Pourtant tous les ingrédients semblent réunis pour faire de Respecte-moi un disque largement au dessus du lot. Mais la théorie et la pratique ce n’est pas la même chose : Respecte-moi gagne peut-être le grand prix de l’originalité parce que voilà un disque dont on se souvient et qui ne laisse pas indifférent mais il perd celui de l’obsessionnel rigolard, ce qui est un peu dommage pour un groupe qui joue à fond la carte du délire foutraque et halluciné. On retrouve ici l’ancienne section rythmique de feu Berline0.33 et je suis très heureux d’avoir des nouvelles de ces deux là, j’oserais presque affirmer qu’ils me manquaient et ils constituent un argument de poids non négligeable en faveur de la musique de Fleuves Noirs, l’un de ses atouts principaux et l’une de ses qualités premières – un couple basse/batterie jouant autant la souplesse que l’appui, c’est plutôt rare. Ensuite il y a un chanteur / shaman échappé de Cheyenne 40. Un vrai débile au cœur pur comme je les aime, spécialisé dans les borborygmes vocaux inintelligibles et au seuil de l’agaçant, sorte de croisement entre John Lydon qui aurait perdu son dentier, Mark Mothersbaugh (avec des cheveux longs) et Gibby Haynes (avec des lunettes cerclées). Enfin le guitariste, malgré toute sa discrétion (il est loin d’occuper la première place dans le mix), joue un rôle prépondérant, celui de l’électron libre et de l’élément qui fait ressortir tous les autres en semant le trouble.

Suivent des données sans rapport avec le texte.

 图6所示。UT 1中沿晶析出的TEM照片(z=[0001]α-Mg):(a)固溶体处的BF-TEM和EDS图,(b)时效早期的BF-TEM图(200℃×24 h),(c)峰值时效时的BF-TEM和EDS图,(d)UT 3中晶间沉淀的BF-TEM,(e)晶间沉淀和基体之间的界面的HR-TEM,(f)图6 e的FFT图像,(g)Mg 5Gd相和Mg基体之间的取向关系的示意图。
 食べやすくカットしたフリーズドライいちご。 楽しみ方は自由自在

Dès Jean Roulin c’est presque une affaire entendue que basse et batterie d’un côté et chant de l’autre ont un champ d’action certes plutôt large mais bien défini et bien délimité et qu’ils n’en sortiront pas ou que très rarement, respectant les préceptes qui établissent l’architecture de base et la nature des compositions de Fleuves Noirs. Par contre la guitare papillonne et virevolte constamment, seul élément subtil et aérien – bien que très souvent dissonant voire bruitiste – au milieu d’une grosse boucherie psyche-noise qui en rajoute constamment. Les meilleurs titres sont logiquement ceux sur lesquels le couple rythmique redonde et mouline du chou-rave tandis que le chant glaviote toujours plus de sauce harissa-mayonnaise-nutella sur les murs : un tel dispositif devient source d’irritabilité aigue et permet à la guitare de faire ce qu’elle veut avec nos petits nerfs en pelotes et d’asséner le coup de grâce. Toutefois cette mécanique bien huilée montre toutes ses limites sur Hesitanza, composition barbante et trop linéaire qui ne fait que s’enliser sans jamais décoller et qui est pour beaucoup dans mes premières réticences à l’égard de Respecte-moi.

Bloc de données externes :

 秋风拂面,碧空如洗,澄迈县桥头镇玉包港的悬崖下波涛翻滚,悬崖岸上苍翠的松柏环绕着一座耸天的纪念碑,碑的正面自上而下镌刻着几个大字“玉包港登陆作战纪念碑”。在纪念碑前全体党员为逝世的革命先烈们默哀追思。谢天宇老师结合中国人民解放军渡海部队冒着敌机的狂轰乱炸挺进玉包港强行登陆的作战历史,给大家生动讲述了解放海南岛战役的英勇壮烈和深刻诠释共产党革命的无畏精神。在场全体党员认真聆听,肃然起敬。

Je ne ferai aucun mystère qu’à la première face de Respecte-moi je lui préfère largement la seconde que j’écoute bien plus souvent : elle donne à entendre Bambu / Con Moto qui est le jumeau hétérozygote (et donc réussi) de Hesitanza ; surtout cette seconde face se termine avec Loufresnaere qui est le meilleur morceau du disque parce que le plus varié et le plus sophistiqué : sa construction en forme de trip-tyque échappe toujours plus aux règles du bon goût formaté mais également aux modes opératoires précédemment mis en place par Fleuves Noirs. La guitare, ici beaucoup plus présente, gagne autant en miraculeux qu’en tumultueux tandis que basse, batterie et chant s’aventurent en dehors que leurs rôles habituels (avec l’appui bienvenu d’un synthétiseur crépusculaire). C’est dans les eaux agitées et réellement dangereuses de ce Fleuves Noirs là que j’aurais volontiers préféré me noyer. Bambu / Con Moto, Loufresnaere mais également Il est Beethoven Deux Heures (!) portent en eux toute la réussite et donc toutes les promesses d’un groupe dont j’espère quil ne s’arrêtera pas en si bon chemin car après tout Respecte-moi n’est qu’un premier disque, avec ses qualités et ses défauts, donc peut-être le point de départ vers quelque chose d’encore meilleur. En tous les cas Fleuves Noirs est un groupe à suivre.

[Respecte-moi est publié en vinyle transparent par Etienne Disc, Jarane, Poutrage records, Smart And Confused, Tandori records et Te Koop records]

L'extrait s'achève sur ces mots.